Versa takes aim at fragmented enterprise security with CSPM, orchestration update, and AI agent controls

May 24, 2026  Twila Rosenbaum  17 views
Versa takes aim at fragmented enterprise security with CSPM, orchestration update, and AI agent controls

Traffic patterns are shifting, agent deployments are multiplying, and cloud environments keep expanding. The point tools enterprises use to manage each layer are not keeping pace. Versa Networks is addressing those challenges with three coordinated updates to its VersaONE Universal SASE Platform. The first is a Cloud Security Posture Management (CSPM) capability that brings cloud risk visibility into the same view as access security. The second is a significant update of its Concerto orchestration platform. The third is an AI agent trust and verification framework due later this month.

New research backs the strategic rationale. Versa’s inaugural State of SASE + AI Report, a survey of 525 senior IT and security decision-makers at U.S. enterprises, found that 35% of organizations suffered a breach in the past year tied to coordination gaps between networking and security teams. Nearly three quarters (73%) say technical integration complexity has delayed or derailed a critical project. Some 99% have named convergence a strategic priority, yet only 30% have done it.

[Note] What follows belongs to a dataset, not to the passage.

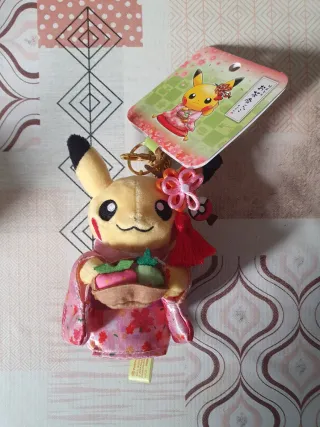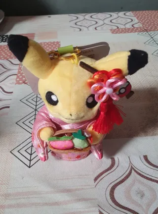 Adorable peluche de Pikachu vestido con un kimono tradicional japonés. Incluye su etiqueta original. - Diseño de Pikachu con kimono rosa floral. - Sostiene una cesta con dulces. - Adorno de flor y borla roja. - Ideal para coleccionistas o fans de Pokémon.
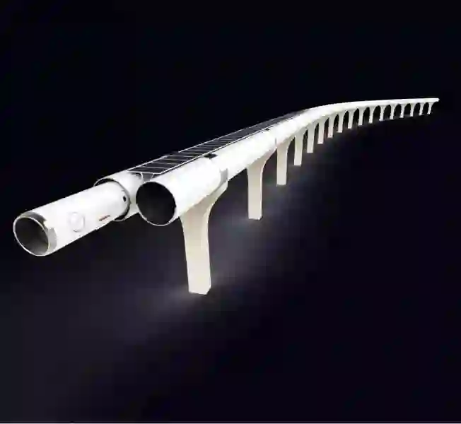 设想中的超级高铁轨道的管路,其上是太阳能板集热器。

“AI and digital sovereignty are fundamentally changing what customers have to do and what needs to happen,” Kelly Ahuja, CEO of Versa Networks, told Network World.

What the research found

Versa’s report covers organizations across financial services, retail, energy, manufacturing, healthcare, technology and government. Key findings include 35% reported a security breach in the past year linked to coordination gaps between networking and security teams; 53% report higher operational costs from managing redundant tools; 73% say technical integration complexity has delayed or derailed a critical project; 99% have named convergence a strategic priority, but only 30% have implemented shared ownership of SASE strategy; 95% say AI is forcing networking and security teams to collaborate more closely; and 58% cite strengthening security posture as the top driver for convergence, compared to 19% who cited lowering total cost of ownership.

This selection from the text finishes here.